David BL - 28 Aug 2008 02:46 GMT > If you have a 100GB database and you put it on single > 100GB disk drive, your best average seek time is the average seek time of [quoted text clipped - 4 lines] > of an average 4ms seek time, the individual seek time of each disk is > reduced to roughly 2.5ms Is this because less of the disk is actually being used so on a given platter the head doesn't have such a large range of tracks to move over?
> , and since there are four disks, the average seek > time for the disk subsystem is reduced to a quarter of that or roughly > .625ms. In order for the effective seek time to be reduced to a quarter the seeking must be independent. To achieve that I think the striping would need to be very coarse (eg 512kb or 1Mb).
Brian Selzer - 28 Aug 2008 03:47 GMT >> If you have a 100GB database and you put it on single >> 100GB disk drive, your best average seek time is the average seek time of [quoted text clipped - 11 lines] > platter the head doesn't have such a large range of tracks to move > over? Yes. And the bit density is generally greater at the outside of the platter, so it generally takes fewer tracks to store the same information there as opposed to near the center; consequently, simply dividing the difference of the full-stroke seek and the track-to-track seek by four is a perhaps overly conservative method of estimation. I want to stress that this is not just a hair-brained theory of mine: I've had significant success using this mechanism to boost performance. In one application, by installing a disk that was seven times the size required and creating a partition on the outer edge of the disk, performance improved by over 6000%: batch processes that had been taking over 25 hours to complete were finishing in under 25 minutes.

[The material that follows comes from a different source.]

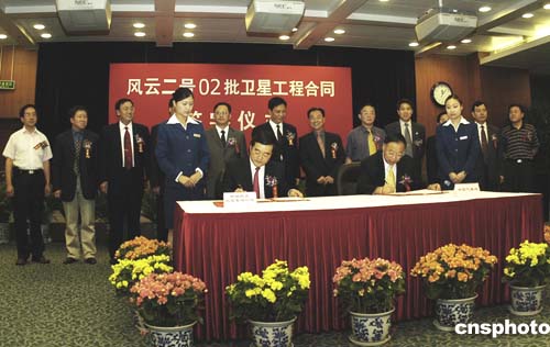 合同簽字儀式上,中國(guó)氣象局和中國(guó)航天科技集團(tuán)公司、中國(guó)衛(wèi)星發(fā)射測(cè)控系統(tǒng)部簽署了《“風(fēng)云二號(hào)”0二批衛(wèi)星、運(yùn)載火箭研制生產(chǎn)合同》及《“風(fēng)云二號(hào)”0二批衛(wèi)星發(fā)射測(cè)控合同》。

>> , and since there are four disks, the average seek >> time for the disk subsystem is reduced to a quarter of that or roughly [quoted text clipped - 3 lines] > seeking must be independent. To achieve that I think the striping > would need to be very coarse (eg 512kb or 1Mb). Drives that support disconnection or some other command queueing mechanism are all that is needed for seeking to be independent.

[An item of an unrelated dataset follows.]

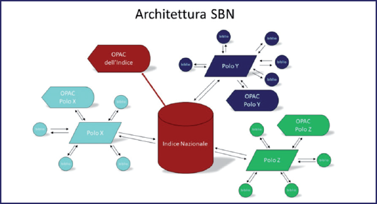 - SBN è la più importante infrastruttura culturale italiana. Ha una struttura stellare in cui al centro si trova l’Indice SBN, che è collegato ai poli SBN. Questi ultimi, a loro volta, permettono alle biblioteche aderenti a ciascun polo di scambiare con l’Indice le informazioni sulle schede catalografiche e sugli elementi di Authority (Nomi, Soggetti, Luoghi, Marche, Titoli dell’Opera). Per ulteriori approfondimenti: <https://www.iccu.sbn.it/it/SBN/>.
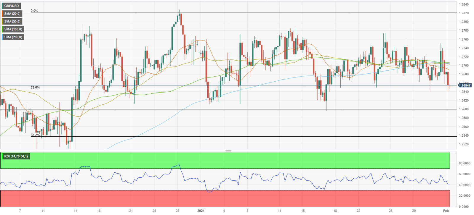 بعد إغلاق اليوم الثاني على التوالي في المنطقة السلبية يوم الأربعاء، واصل زوج استرليني/دولار GBP/USD الانخفاض في وقت مبكر من يوم الخميس وشوهد آخر تداول حول منطقة 1.2650. على الرغم من أن التوقعات الفنية تشير إلى تحيز هبوطي على المدى القريب، إلا أن الزوج يواجه مخاطر في الاتجاهين قبل صدور إعلانات سياسة بنك انجلترا BoE.

I think using a coarse stripe is counterproductive. There would be a bigger chance that a seek in the middle of the read would be required. Consider: if 3.5 stripes fit on a track in one zone of the disk, then on average every fourth read would require an additional seek to get the remaining half stripe. If on the other hand, 28 stripes fit on a track, then no additional seeks would be necessary. Even if it were 28.5 stripes instead of 28, one additional seek for every 29 reads is a whole lot better than one for every 4.
David BL - 28 Aug 2008 05:32 GMT > >> If you have a 100GB database and you put it on single > >> 100GB disk drive, your best average seek time is the average seek time of [quoted text clipped - 23 lines] > batch processes that had been taking over 25 hours to complete were > finishing in under 25 minutes. How do you explain a 60 fold increase?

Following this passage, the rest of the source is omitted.